Fix 2: Eliminate render-blocking resources

  • Defer non-critical CSS: Load above-fold styles inline, defer the rest with media="print" onload="this.media='all'"
  • Defer JavaScript with defer or async attributes
  • Move third-party scripts (analytics, chat, ads) to load after main content

Fix 3: Server response time (TTFB)

  • Shared hosting: 800-2000ms TTFB (too slow for good LCP)
  • VPS (DigitalOcean, Cloudways): 150-400ms (acceptable)
  • CDN-backed (Cloudflare, Fastly): 50-200ms (ideal)
  • If your TTFB exceeds 600ms, no amount of frontend optimization will save your LCP

INP (Interaction to Next Paint) – Target: Under 200ms

INP replaced First Input Delay in March 2024 and is significantly harder to pass. It measures responsiveness across the entire session, not just the first click.
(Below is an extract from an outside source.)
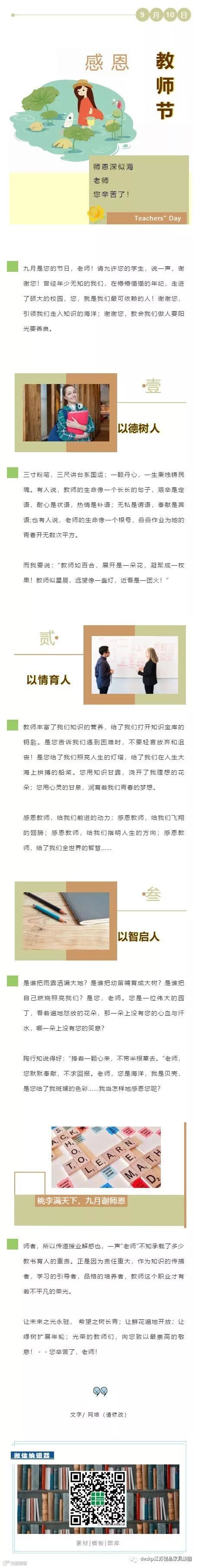 导读:教师节快乐亲爱的老师,向您表达我最衷心的感谢。在人生旅途上,您为我点燃了希望之光,您所做的一切润泽了我的心灵
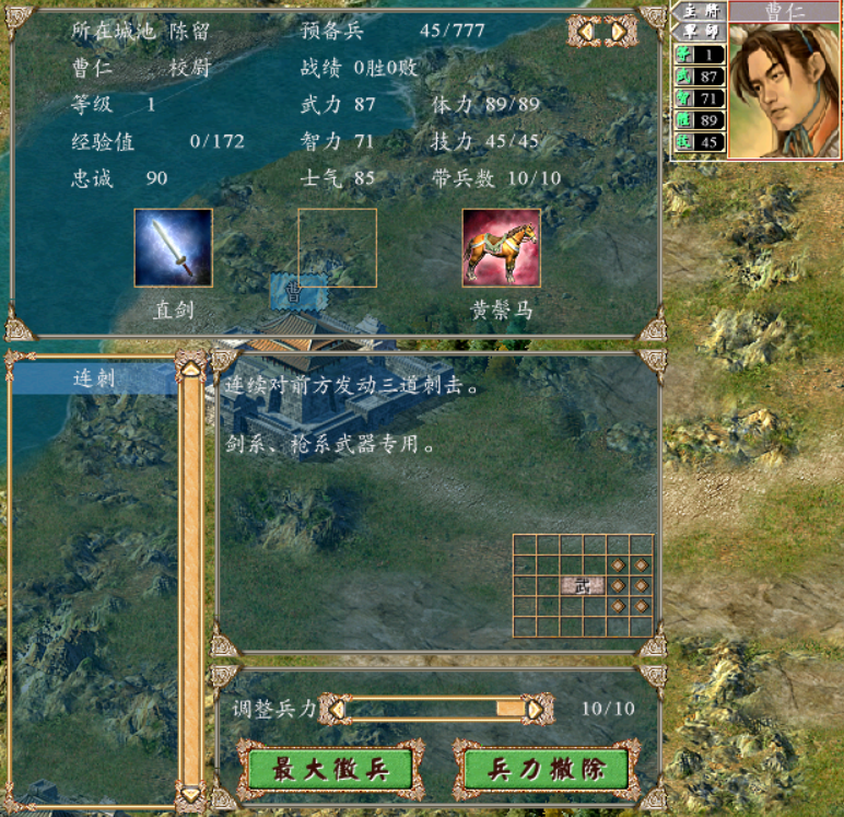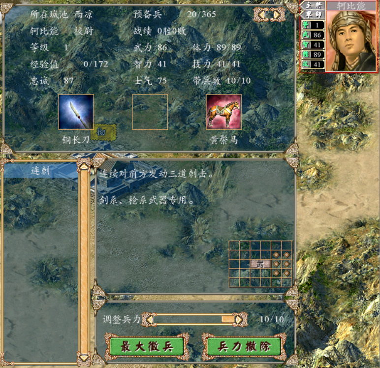 连刺在游戏中属于比较优秀的必杀,打将打兵都很好用,群英3已经很好地诠释了这一点,前期处于劣势时,往往可以凭借这种强力必杀扭转局面,只是这必杀几率一直是个迷,有时一场战斗必杀就没停过,有时却连一次都放不出来,可以说完全看脸。

Common INP killers and fixes:

  • Long JavaScript tasks (>50ms): Break into smaller chunks using requestIdleCallback or scheduler.yield()
  • Heavy event handlers: Debounce scroll and input handlers. Never run expensive DOM queries on every keystroke.
  • Third-party scripts: A/B testing tools (Optimizely, VWO), live chat widgets, and analytics scripts are the #1 INP killer. Load them on interaction, not on page load.
  • WordPress plugin bloat: Elementor, Slider Revolution, and WooCommerce Cart Fragments are common offenders. Deactivate what you don’t need.
Pro Tip

Open Chrome DevTools > Performance panel > click “Interactions” track. Record a session, click around your site, and look for red interaction markers. Each red flag shows exactly which user action was slow and what JavaScript caused the delay. This is the fastest way to diagnose INP problems.

CLS (Cumulative Layout Shift) – Target: Under 0.1

CLS measures unexpected page jumps. The easiest metric to fix.

CLS FIX: FONT LOADING WITHOUT LAYOUT SHIFT
/* Prevent font-swap layout shift with size-adjust */
@font-face {
  font-family: 'Outfit';
  src: url('outfit.woff2') format('woff2');
  font-display: swap;
  size-adjust: 105%;  /* Match fallback font metrics */
  ascent-override: 95%;
  descent-override: 22%;
  line-gap-override: 0%;
}

/* Always set image dimensions */
img {
  max-width: 100%;
  height: auto;
  aspect-ratio: attr(width) / attr(height);
}

Structured Data and Schema Markup

Structured data has evolved from “nice to have” to essential infrastructure. AI search engines parse structured data to understand your business entity. A page with proper schema is far more likely to be cited by ChatGPT or Perplexity than one without it.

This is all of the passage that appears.